American golfer (born 1991)

Zakiya Dara Randall (/zəˈkiːjə/; born May 12, 1991) is an American golfer, public speaker, model and music producer, known as 'Z'. Born in Arlington, Virginia, she was raised at an early age in the Washington, D.C. metropolitan area and later as a child moved to Atlanta, Georgia.

==Early life and education==
Randall was born in Arlington, Virginia, the only child of Donnie Randall, an engineer, and Tanya Randall an information technology consultant. Randall's father is African-American and her mother is of African-American, Native American and Irish descent. She was homeschooled. Randall's interest in sports and music started at an early age. She has been trained in classical piano.
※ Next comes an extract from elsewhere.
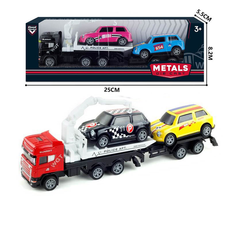 1:64 Scale Alloy Flatbed Truck with Mini Cars, Die-Cast Metal Transport Vehicle Toy Set for Kids Collection Gift
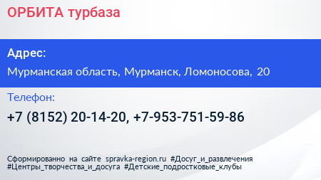 ОРБИТА, турбаза по адресу Мурманская область, Мурманск, Ломоносова, 20 в дальнейшем Организация, размещена в следующих категориях:

By the age of 9, Randall had won the Atlanta Lawn Tennis Association (ALTA) championship event.

Randall was a member of a child entrepreneurs group.

Randall graduated high school in 2009, and subsequently attended the University of Maryland, where she studied computer science.

== Athletic career ==
Her interest in golf began unexpectedly after joining a family friend on the golf course. She began playing golf in 2001, at age 10. In 2002, her first year of playing golf, she won every tournament she entered and won the Atlanta Junior Golf Association (AJGA) Championship, going on to receive "Player of the Year" in the category of Intermediate Girls 12 and Under. At 14, Randall started gaining national and international attention for winning 35 of 36 junior golf tournaments.

In 2005 she won the overall champion title as well as every tournament she entered in her division in the Georgia PGA Junior Tour. In 2006, at age 15, she became the only Atlantan to win a medal and first place in U.S. Women's Open local qualifier. She also was the youngest athlete nominated for Amateur Athlete of the Year at the Atlanta Sports Awards that year.

Randall, at age 17, became the first female player in Georgia to win at the Championship level against an all amateur men field of players on the Golf Channel Tour.

In 2012, Randall was a contestant on the Golf Channel's Big Break Atlantis.